He spoke, however, none the less with sincerity when he cried, -

"Nor do I know now - no, and I shall not know."

"You have walked with me to the Caprara Palace this morning. Or did I
dream we walked?"

"What your Highness has shown me to-day I cannot gainsay. For this is
the first time that ever I heard of Mlle. de Caprara. But I am very sure
that you draw your inference amiss. You sit in judgment on the King, not
knowing him. You push aside the firm trust of us who know him as a thing
of no account. And because once, in a mood of remorse at my own
presumption, I ascribed one trivial exploit - at the best a success of
muscle and not brain - to the King which was not his, you strip him of
all merit on the instant." He saw that her face flushed. Here, at all
events, he had hit the mark, and he cried out with a ringing
confidence, -

"Your stone is stone, not straw."

"Prove it me," said she.

"What do you know of the Princess Caprara at the end of it all? You
have told me this morning all you know. I will go bail if the whole
truth were out the matter would take a very different complexion."

Again she said, -

"Prove that to me!" and then she looked over his shoulder. Wogan turned
and saw that a servant was coming from the house across the lawn with a
letter on a salver. The Princess opened the letter and read it. Then she
turned again to Wogan.

"His Eminence the Cardinal fixes the marriage in Bologna here for to-day
fortnight. You have thus two weeks wherein to make your word good."

Two weeks, and Wogan had not an idea in his head as to how he was to set
about the business.
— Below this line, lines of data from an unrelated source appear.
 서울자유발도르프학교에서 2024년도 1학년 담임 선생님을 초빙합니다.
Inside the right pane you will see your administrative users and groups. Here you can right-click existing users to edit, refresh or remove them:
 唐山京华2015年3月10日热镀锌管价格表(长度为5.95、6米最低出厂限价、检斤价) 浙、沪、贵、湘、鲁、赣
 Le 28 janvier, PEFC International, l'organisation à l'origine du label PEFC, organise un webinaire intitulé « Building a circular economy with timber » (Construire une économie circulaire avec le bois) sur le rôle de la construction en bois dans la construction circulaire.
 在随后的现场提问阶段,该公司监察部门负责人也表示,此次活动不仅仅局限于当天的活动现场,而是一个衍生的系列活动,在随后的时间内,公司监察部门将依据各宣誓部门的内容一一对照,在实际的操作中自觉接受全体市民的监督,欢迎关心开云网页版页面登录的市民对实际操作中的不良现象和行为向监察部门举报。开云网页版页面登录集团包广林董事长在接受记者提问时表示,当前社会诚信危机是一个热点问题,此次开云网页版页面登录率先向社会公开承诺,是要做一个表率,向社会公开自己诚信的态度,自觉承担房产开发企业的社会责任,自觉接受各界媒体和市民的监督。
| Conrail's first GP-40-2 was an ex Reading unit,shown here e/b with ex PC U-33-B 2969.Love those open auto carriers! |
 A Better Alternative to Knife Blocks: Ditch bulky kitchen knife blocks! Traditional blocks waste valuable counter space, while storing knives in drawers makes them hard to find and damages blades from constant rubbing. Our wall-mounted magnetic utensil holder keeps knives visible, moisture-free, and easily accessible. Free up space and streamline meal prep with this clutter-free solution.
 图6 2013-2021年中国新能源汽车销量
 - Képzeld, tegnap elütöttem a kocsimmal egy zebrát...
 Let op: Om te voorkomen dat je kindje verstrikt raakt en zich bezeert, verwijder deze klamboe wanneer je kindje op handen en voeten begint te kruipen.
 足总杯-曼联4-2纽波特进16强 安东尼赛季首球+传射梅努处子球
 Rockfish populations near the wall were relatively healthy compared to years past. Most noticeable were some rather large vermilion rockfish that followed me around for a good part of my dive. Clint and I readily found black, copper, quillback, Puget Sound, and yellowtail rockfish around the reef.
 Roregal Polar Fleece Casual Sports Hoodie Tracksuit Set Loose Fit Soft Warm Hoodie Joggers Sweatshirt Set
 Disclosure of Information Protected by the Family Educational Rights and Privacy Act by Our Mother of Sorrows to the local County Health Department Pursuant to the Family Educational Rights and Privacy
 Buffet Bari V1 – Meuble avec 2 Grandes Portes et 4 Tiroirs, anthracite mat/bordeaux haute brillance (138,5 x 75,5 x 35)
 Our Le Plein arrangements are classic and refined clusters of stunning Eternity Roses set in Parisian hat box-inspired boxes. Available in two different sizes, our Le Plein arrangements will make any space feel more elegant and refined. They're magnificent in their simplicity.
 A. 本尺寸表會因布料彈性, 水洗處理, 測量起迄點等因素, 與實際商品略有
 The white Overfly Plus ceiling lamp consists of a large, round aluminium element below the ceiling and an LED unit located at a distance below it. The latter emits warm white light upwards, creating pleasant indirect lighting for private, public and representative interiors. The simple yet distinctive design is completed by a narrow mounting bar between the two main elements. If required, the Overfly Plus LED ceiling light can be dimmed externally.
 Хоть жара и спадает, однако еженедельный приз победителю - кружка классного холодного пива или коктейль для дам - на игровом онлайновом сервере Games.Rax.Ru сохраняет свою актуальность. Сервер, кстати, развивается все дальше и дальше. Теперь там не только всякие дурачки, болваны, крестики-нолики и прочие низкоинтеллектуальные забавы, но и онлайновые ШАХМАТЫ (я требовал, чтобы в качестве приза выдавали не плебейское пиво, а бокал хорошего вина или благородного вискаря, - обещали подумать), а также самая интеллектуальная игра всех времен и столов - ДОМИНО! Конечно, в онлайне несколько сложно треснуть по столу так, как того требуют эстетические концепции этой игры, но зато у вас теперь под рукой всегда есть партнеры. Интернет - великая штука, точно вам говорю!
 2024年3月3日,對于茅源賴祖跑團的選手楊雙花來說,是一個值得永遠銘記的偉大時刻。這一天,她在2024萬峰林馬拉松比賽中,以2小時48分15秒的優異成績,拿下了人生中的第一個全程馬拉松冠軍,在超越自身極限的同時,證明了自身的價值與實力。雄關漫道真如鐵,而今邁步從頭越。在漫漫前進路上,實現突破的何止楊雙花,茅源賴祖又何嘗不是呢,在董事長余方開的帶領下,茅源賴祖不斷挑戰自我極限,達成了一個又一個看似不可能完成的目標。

But he bowed imperturbably.

"Within two weeks I will convince your Highness," said he, and for a
good half-hour he sauntered with her about the garden before he took his


But his thoughts had been busy during that half-hour, and as soon as he
had come out from the mouth of the alley, he ran to Gaydon's lodging.
Gaydon, however, was not in. O'Toole lodged in the same house, and Wogan
mounted to his apartments, hoping there to find news of Gaydon's
whereabouts. But O'Toole was taking the air, too, but Wogan found
O'Toole's servant.

"Where will I find Captain O'Toole?" asked Wogan.

"You will find his Excellency," said the servant, with a reproachful
emphasis upon the title, "at the little bookseller's in the Piazza."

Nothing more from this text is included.